2022.05.09
Virtual Asset Taxation Policy Has Become More Likely to be Postponed. (Updated 2022.05.)
Virtual Asset Taxation Policy Has Become More Likely to be Postponed. (Updated 2022.05.)
[Executive Summary]
◼ With the upcoming launch of Yoon Suk-yeol government, taxation on virtual asset, which was scheduled to be enforced on January 1st, 2023 has become more likely to be postponed again. On May 2nd, Deputy Prime Minister and Minister of Economy and Finance-nominee Choo Kyung-ho announced that if Financial Investment Income Tax is given a two-year grace period, taxation on virtual asset which was scheduled to be enforced next year could also be granted a two-year grace period.

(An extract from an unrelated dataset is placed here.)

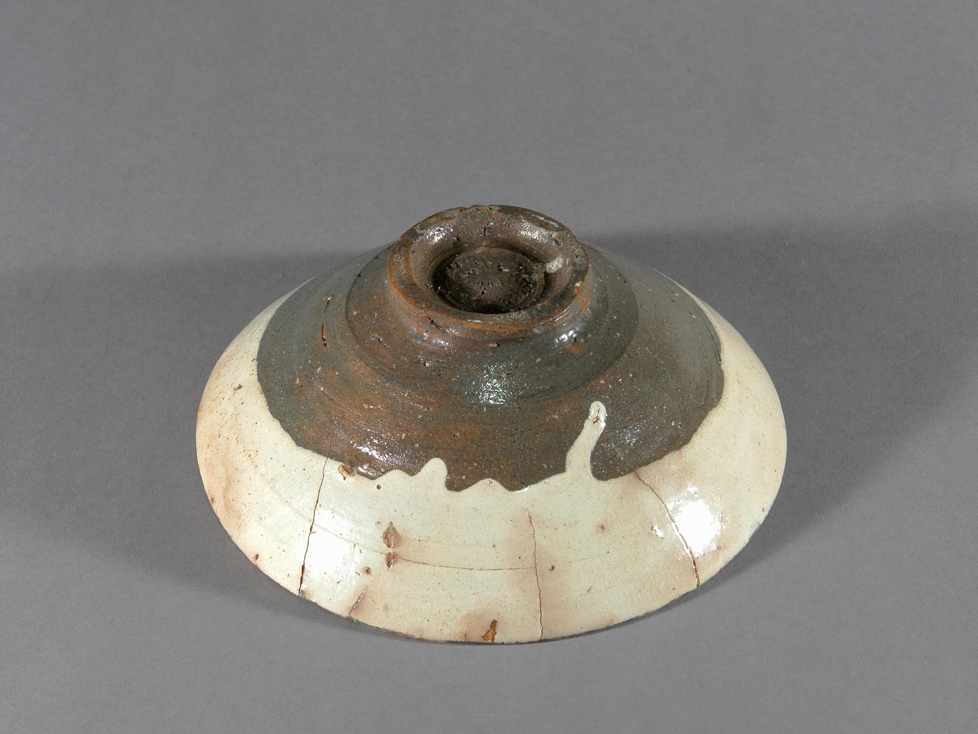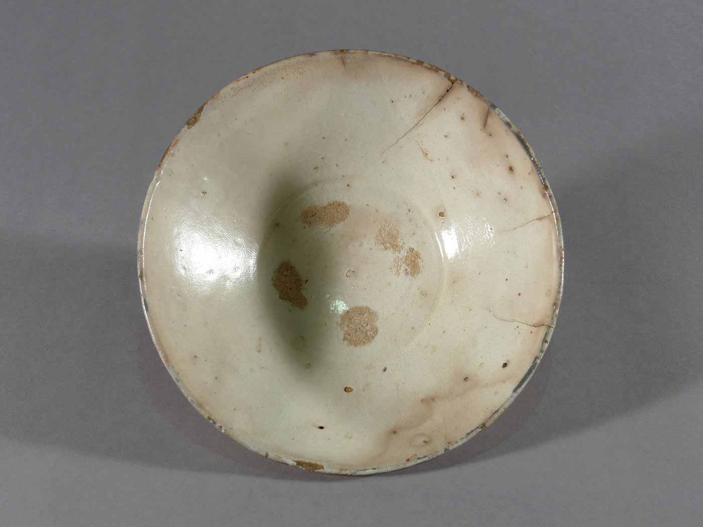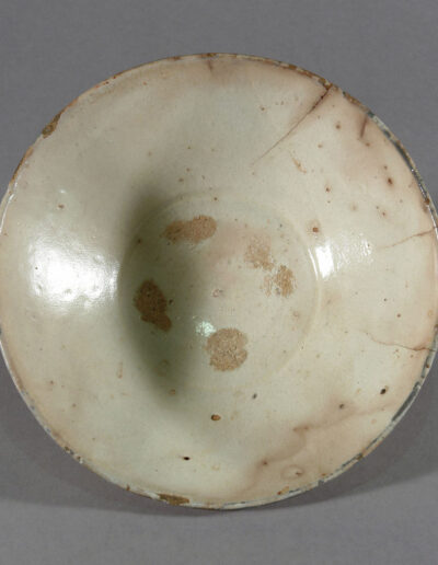 Die Form ist weit geöffnet und ruhig proportioniert. Im Inneren sind deutliche Brenn- sowie Alterungsspuren erkennbar, insbesondere Abdrücke von Brandstützen im Spiegel. Darüber hinaus finden sich Risse und kleinere Abplatzungen, die auf Gebrauch und Alterung zurückgehen und das heutige Erscheinungsbild der Schale mitprägen.

In his presidential election campaign, President-elect Yoon Suk-yeol had put forward ‘Renovation first, Taxation afterwards’ policy as one of his virtual asset-related pledges. This policy reflects the opinion that taxation should not be imposed on investors when policies and regulations on virtual assets are not yet established and secured. According to the already-existing Income Tax Act, taxation on virtual asset starts on January 1st, 2023. If Income Tax Act goes into effect as scheduled, investors who had invested in virtual asset and acquired capital gain worth more than 2.5 million KRW (basic deductible) will be imposed a 20% tax rate. Income from virtual asset transfer and rental (including withdrawal) of non-residents or foreign corporates will be taxed under Korea Source Other Income. However, the opinion of Choo Kyung-ho, Deputy Prime Minister and Minister of Economy and Finance-nominee of Yoon Suk-yeol government, shows the possibility of additional deferment of taxation on virtual asset income mentioned above. At a confirmation hearing held on May 2nd, People’s Power party member Ryu Seung-geol raised a question on the timing of imposing taxes on virtual asset. Nominee Choo mentioned, “if Financial Investment Income Tax is given a two-year grace period, taxation on virtual asset will also be postponed for two years under the same framework.” He also commented, “regarding virtual assets, legislations on digital assets are being established to prepare investment protection systems and to secure the safety and transparency of virtual asset transactions.” “Our basic policy is that we will levy tax on virtual assets if such legislations are fully equipped and the market matures,” he added.
However, please keep in mind that this change will only be applied to the transfer income tax for the individual.